» **WHAT IS NEEDED**:
Please return every entry below exactly as written, without any of its pictures.

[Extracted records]
============

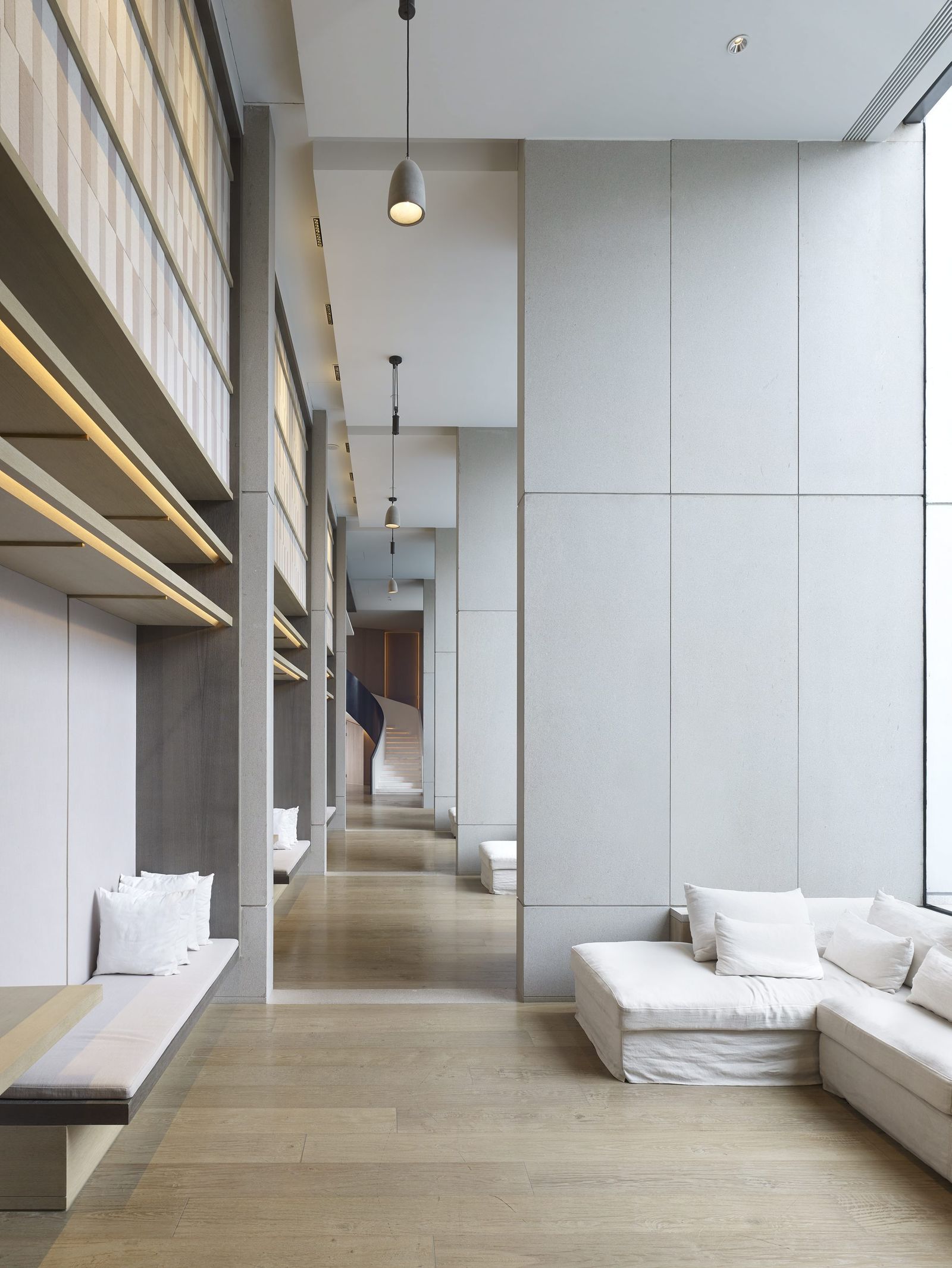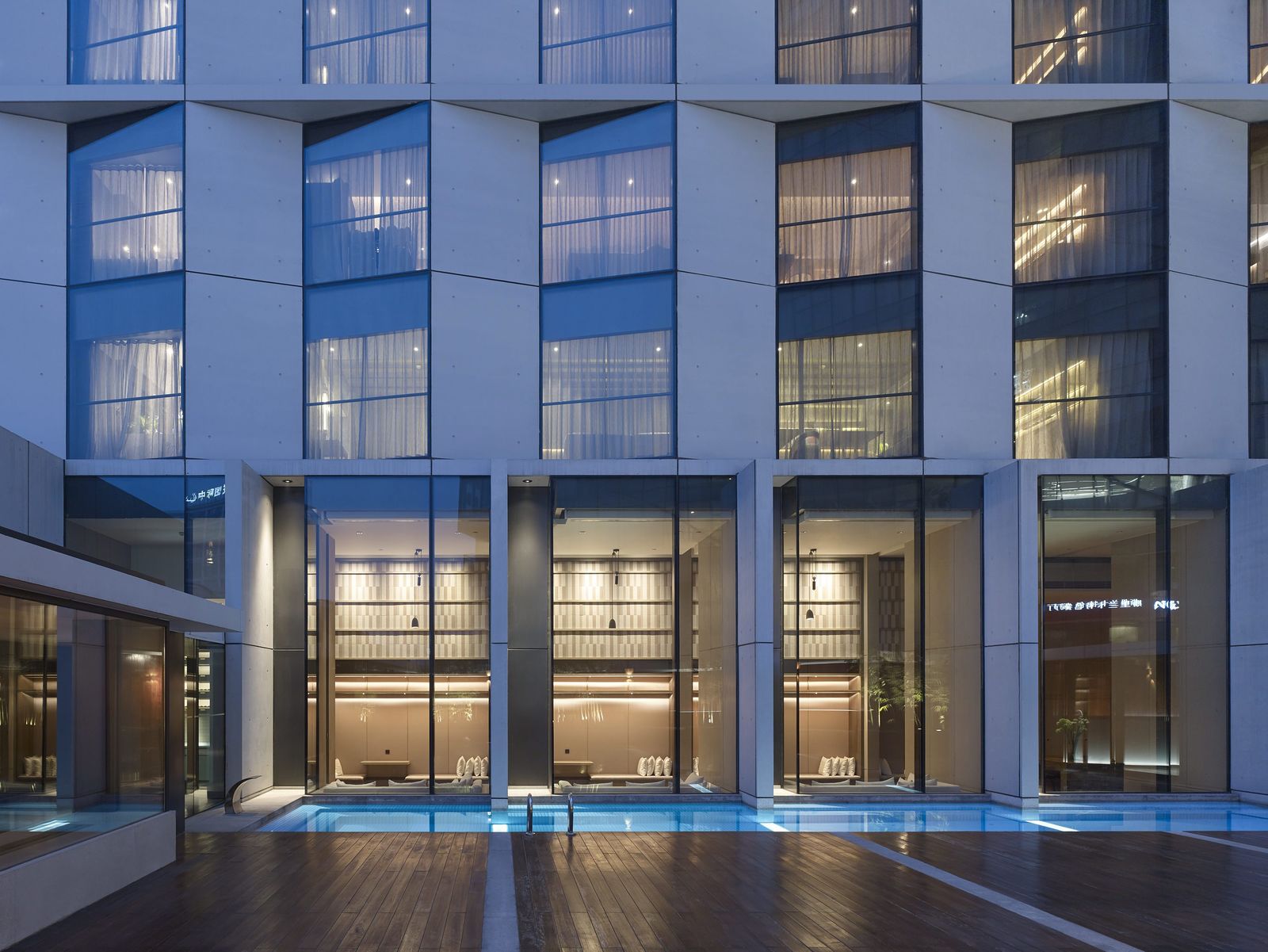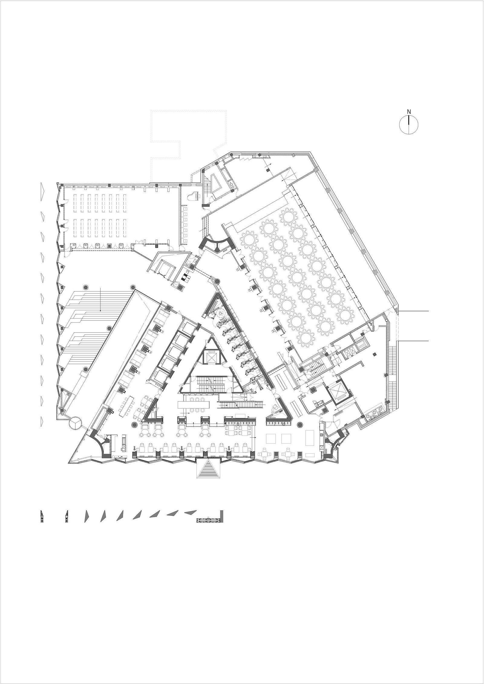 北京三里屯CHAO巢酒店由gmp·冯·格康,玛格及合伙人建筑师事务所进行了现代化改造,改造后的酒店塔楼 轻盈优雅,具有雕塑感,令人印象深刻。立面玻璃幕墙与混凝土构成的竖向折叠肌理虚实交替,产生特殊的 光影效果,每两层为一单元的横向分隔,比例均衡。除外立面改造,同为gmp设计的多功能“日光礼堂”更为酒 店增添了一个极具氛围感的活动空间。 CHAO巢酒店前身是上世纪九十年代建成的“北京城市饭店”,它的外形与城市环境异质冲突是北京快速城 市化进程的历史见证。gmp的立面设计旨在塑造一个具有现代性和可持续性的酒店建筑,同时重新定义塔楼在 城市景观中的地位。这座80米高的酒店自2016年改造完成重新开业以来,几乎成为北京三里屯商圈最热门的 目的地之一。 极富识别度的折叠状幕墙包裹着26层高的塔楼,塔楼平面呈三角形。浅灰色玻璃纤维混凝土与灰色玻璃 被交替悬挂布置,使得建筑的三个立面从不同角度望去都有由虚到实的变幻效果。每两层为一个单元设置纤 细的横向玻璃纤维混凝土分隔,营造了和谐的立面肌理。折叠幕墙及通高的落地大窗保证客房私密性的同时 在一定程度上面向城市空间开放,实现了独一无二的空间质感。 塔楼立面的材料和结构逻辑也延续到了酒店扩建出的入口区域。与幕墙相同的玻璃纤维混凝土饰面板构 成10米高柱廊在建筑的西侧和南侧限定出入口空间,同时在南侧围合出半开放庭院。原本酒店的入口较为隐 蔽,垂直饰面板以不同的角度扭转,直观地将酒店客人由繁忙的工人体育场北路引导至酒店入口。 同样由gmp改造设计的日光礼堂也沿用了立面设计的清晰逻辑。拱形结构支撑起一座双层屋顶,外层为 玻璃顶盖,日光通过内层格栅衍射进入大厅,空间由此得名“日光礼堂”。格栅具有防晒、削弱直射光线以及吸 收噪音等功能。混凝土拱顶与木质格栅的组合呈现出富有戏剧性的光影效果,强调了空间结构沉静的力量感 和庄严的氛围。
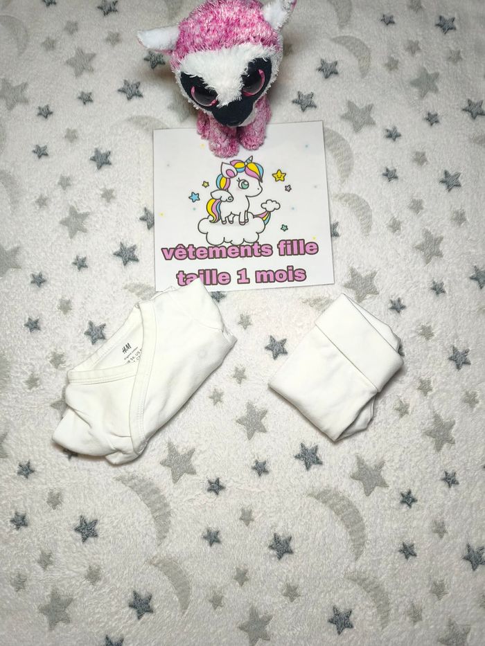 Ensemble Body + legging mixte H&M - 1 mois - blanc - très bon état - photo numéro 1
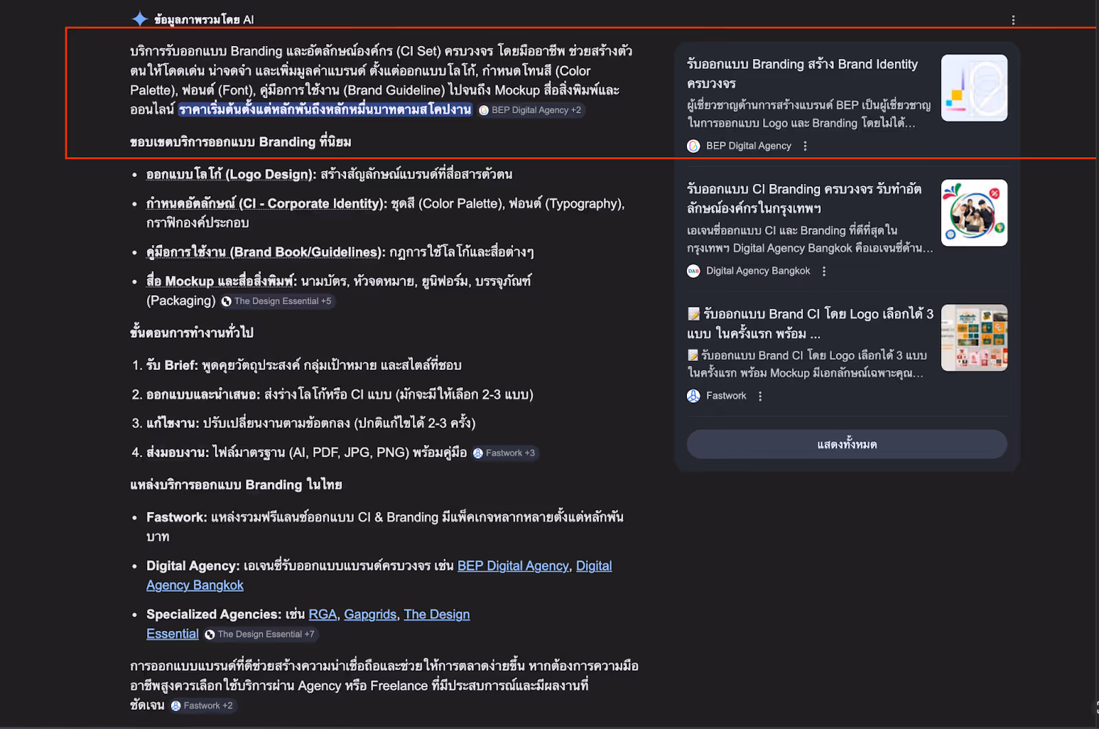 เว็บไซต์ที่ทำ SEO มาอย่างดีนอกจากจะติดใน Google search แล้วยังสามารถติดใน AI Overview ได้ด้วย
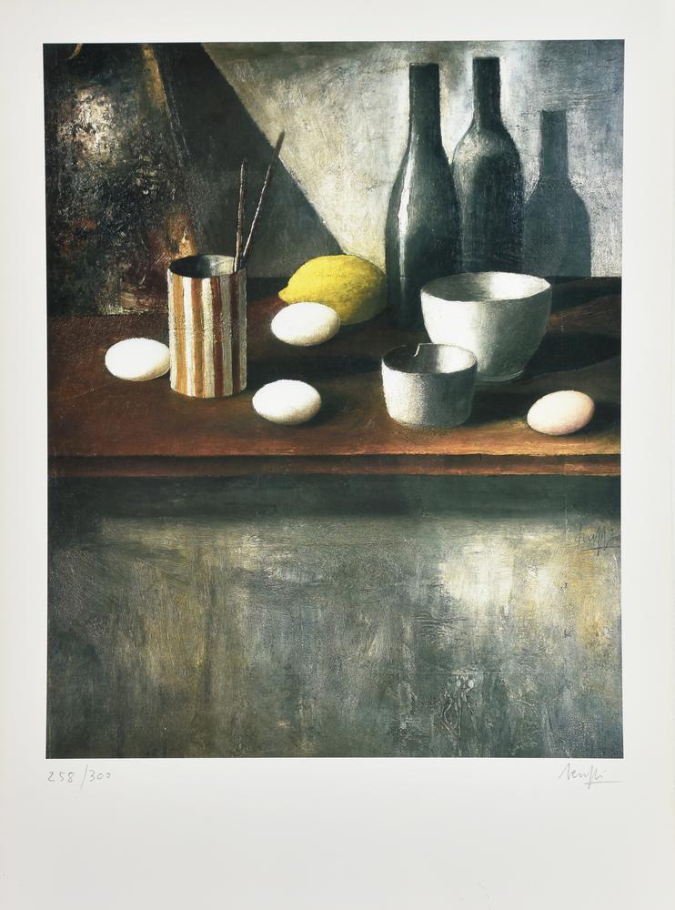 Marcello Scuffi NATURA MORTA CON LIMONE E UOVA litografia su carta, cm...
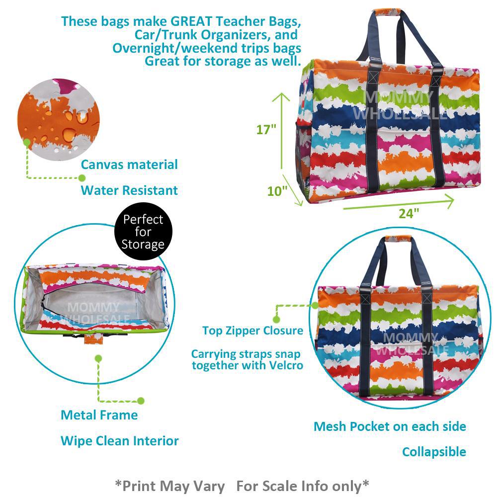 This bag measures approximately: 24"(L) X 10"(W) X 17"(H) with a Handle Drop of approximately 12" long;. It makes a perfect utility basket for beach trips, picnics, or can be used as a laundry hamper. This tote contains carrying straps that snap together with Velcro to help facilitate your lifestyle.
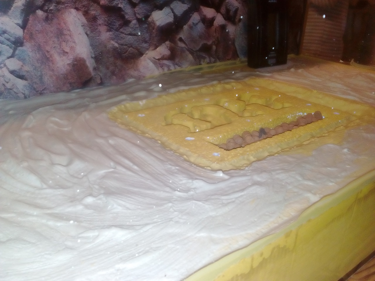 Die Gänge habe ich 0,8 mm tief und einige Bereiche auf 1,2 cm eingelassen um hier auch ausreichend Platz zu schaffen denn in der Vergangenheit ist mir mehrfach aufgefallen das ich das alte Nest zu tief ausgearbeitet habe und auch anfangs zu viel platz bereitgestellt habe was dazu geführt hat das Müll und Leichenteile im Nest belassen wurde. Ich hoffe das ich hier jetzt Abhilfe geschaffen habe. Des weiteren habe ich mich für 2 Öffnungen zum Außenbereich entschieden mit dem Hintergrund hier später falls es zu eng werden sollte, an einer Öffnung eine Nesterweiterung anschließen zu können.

============

» **EXERCISE RESULT**:
 北京三里屯CHAO巢酒店由gmp·冯·格康,玛格及合伙人建筑师事务所进行了现代化改造,改造后的酒店塔楼 轻盈优雅,具有雕塑感,令人印象深刻。立面玻璃幕墙与混凝土构成的竖向折叠肌理虚实交替,产生特殊的 光影效果,每两层为一单元的横向分隔,比例均衡。除外立面改造,同为gmp设计的多功能“日光礼堂”更为酒 店增添了一个极具氛围感的活动空间。 CHAO巢酒店前身是上世纪九十年代建成的“北京城市饭店”,它的外形与城市环境异质冲突是北京快速城 市化进程的历史见证。gmp的立面设计旨在塑造一个具有现代性和可持续性的酒店建筑,同时重新定义塔楼在 城市景观中的地位。这座80米高的酒店自2016年改造完成重新开业以来,几乎成为北京三里屯商圈最热门的 目的地之一。 极富识别度的折叠状幕墙包裹着26层高的塔楼,塔楼平面呈三角形。浅灰色玻璃纤维混凝土与灰色玻璃 被交替悬挂布置,使得建筑的三个立面从不同角度望去都有由虚到实的变幻效果。每两层为一个单元设置纤 细的横向玻璃纤维混凝土分隔,营造了和谐的立面肌理。折叠幕墙及通高的落地大窗保证客房私密性的同时 在一定程度上面向城市空间开放,实现了独一无二的空间质感。 塔楼立面的材料和结构逻辑也延续到了酒店扩建出的入口区域。与幕墙相同的玻璃纤维混凝土饰面板构 成10米高柱廊在建筑的西侧和南侧限定出入口空间,同时在南侧围合出半开放庭院。原本酒店的入口较为隐 蔽,垂直饰面板以不同的角度扭转,直观地将酒店客人由繁忙的工人体育场北路引导至酒店入口。 同样由gmp改造设计的日光礼堂也沿用了立面设计的清晰逻辑。拱形结构支撑起一座双层屋顶,外层为 玻璃顶盖,日光通过内层格栅衍射进入大厅,空间由此得名“日光礼堂”。格栅具有防晒、削弱直射光线以及吸 收噪音等功能。混凝土拱顶与木质格栅的组合呈现出富有戏剧性的光影效果,强调了空间结构沉静的力量感 和庄严的氛围。
 Ensemble Body + legging mixte H&M - 1 mois - blanc - très bon état - photo numéro 1
 เว็บไซต์ที่ทำ SEO มาอย่างดีนอกจากจะติดใน Google search แล้วยังสามารถติดใน AI Overview ได้ด้วย
 Marcello Scuffi NATURA MORTA CON LIMONE E UOVA litografia su carta, cm...
 This bag measures approximately: 24"(L) X 10"(W) X 17"(H) with a Handle Drop of approximately 12" long;. It makes a perfect utility basket for beach trips, picnics, or can be used as a laundry hamper. This tote contains carrying straps that snap together with Velcro to help facilitate your lifestyle.
 Die Gänge habe ich 0,8 mm tief und einige Bereiche auf 1,2 cm eingelassen um hier auch ausreichend Platz zu schaffen denn in der Vergangenheit ist mir mehrfach aufgefallen das ich das alte Nest zu tief ausgearbeitet habe und auch anfangs zu viel platz bereitgestellt habe was dazu geführt hat das Müll und Leichenteile im Nest belassen wurde. Ich hoffe das ich hier jetzt Abhilfe geschaffen habe. Des weiteren habe ich mich für 2 Öffnungen zum Außenbereich entschieden mit dem Hintergrund hier später falls es zu eng werden sollte, an einer Öffnung eine Nesterweiterung anschließen zu können.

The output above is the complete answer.